3. Safety - It is understood that, while employees or contractors of
either the TSP or the Generator are within a Common Switchyard, the safety
policies, procedures and practices adopted by each Party individually will be
adhered to by all personnel. Each Party shall provide the other Party copies of
its safety policies, procedures, and practices and shall provide the other Party
any revisions in a timely manner. All involved parties will be made familiar
with specific safety policies for their area of work. While employees or
contractors of TSP are within the control room, or any other portion of the
generating plant structure, they will abide by the following safety provisions:
(i) TSP agrees that any safety-related assistance or initiatives
undertaken by Generator will not relieve TSP from responsibility for the
implementation of, and compliance with, safe working practices, as developed
from their own experience, or as imposed by law or regulation, and will not in
any way, affect the responsibilities resting with TSP under the provisions of
this Agreement and to meet all safety requirements as specified by the
Occupational Safety & Health Administration (OSHA) and any other applicable
state or federal safety and health laws or regulations.
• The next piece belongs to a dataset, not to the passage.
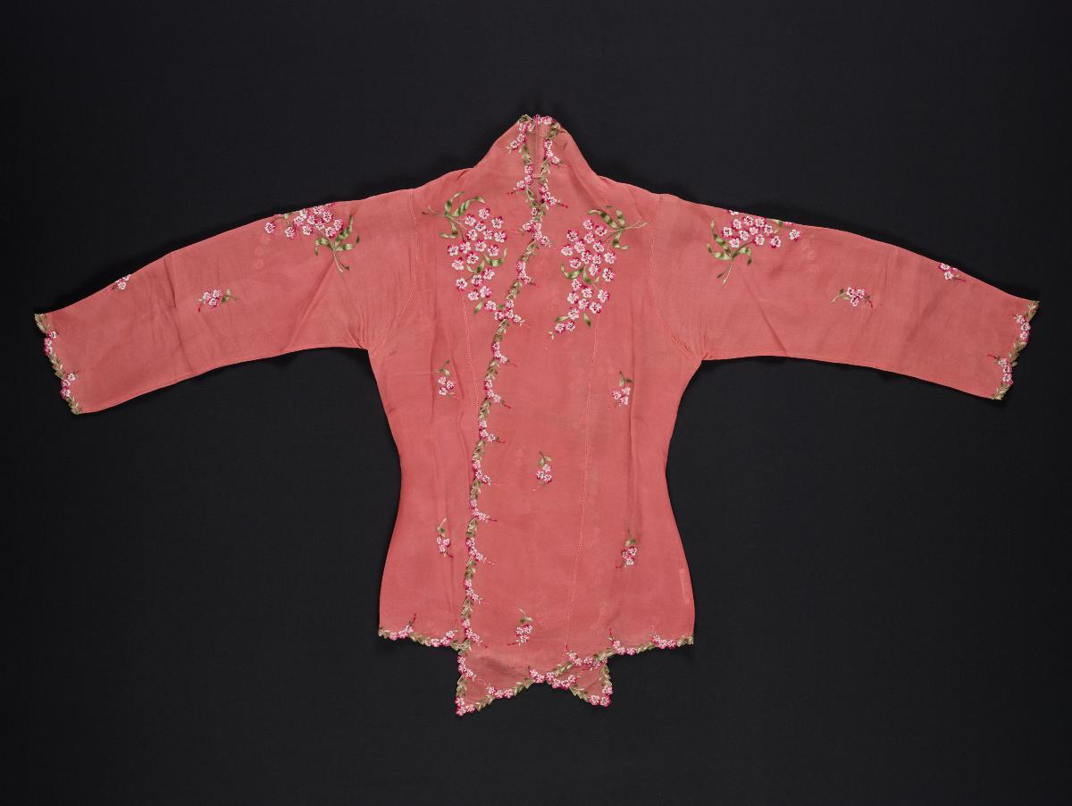 The 'kebaya biku' (which refers to a kebaya style with simple scalloped embroidery along the borders) has been used as everyday attire by Peranakan Chinese women since the 1930s. It is secured by three brooches and usually worn with a 'kain sarong' (waistcloth). The 'kebayas'' often incorporated stylised floral motifs especially the 'bunga raya' (or hibiscus) found in abundance in Singapore and the Federation. The Malays usually wore it with a corset, which helped to accentuate the wearer's slim figure. As the fabric was thin, women would wear camisoles underneath, until brassieres became popular in the 1950s.

(ii) In the event that a material safety data sheet (hereinafter "MSDS"),
warning label, or other documentation concerning the use of hazardous chemicals
at the work site, applies to any materials or equipment utilized by TSP as an
aspect of the work, such documentation will be provided by TSP to Generator
prior to the commencement of any such work.
(iii) TSP will provide information to Generator regarding hazardous
chemicals and/or consumable products that contain constituents listed in 40 CFR
'372.65 used at Generator work site. TSP will report the amount of such material
carried on and off the site, the amount actually used and the manner of use.
(iv) TSP will provide for the duration of this Agreement, at its sole
expense, adequate first-aid facilities for employees of TSP and its contractors.
(v) TSP acknowledges and agrees that all employees of TSP and its
contractors performing work at the work site are required to view Generator's
"Contractor/Visitor Safety Orientation" video, when applicable, and to read and
adhere to Generator's "Contractor/Visitor Safety Booklet" prior to performing
any work on the work Site.
(vi) Appropriate protective equipment will be worn by employees of TSP and
its contractors while on the work site. In addition, when any employee of TSP
and its contractors are performing work which may expose that person to
potential hazards, TSP acknowledges and agrees that such person will wear
appropriate clothing specific to and adequate for that exposure.
(vii) TSP will take all reasonable precautions to prevent any accident in
connection with the performance of work, including, but not limited to, putting
up and maintaining sufficient barriers and lights, if appropriate.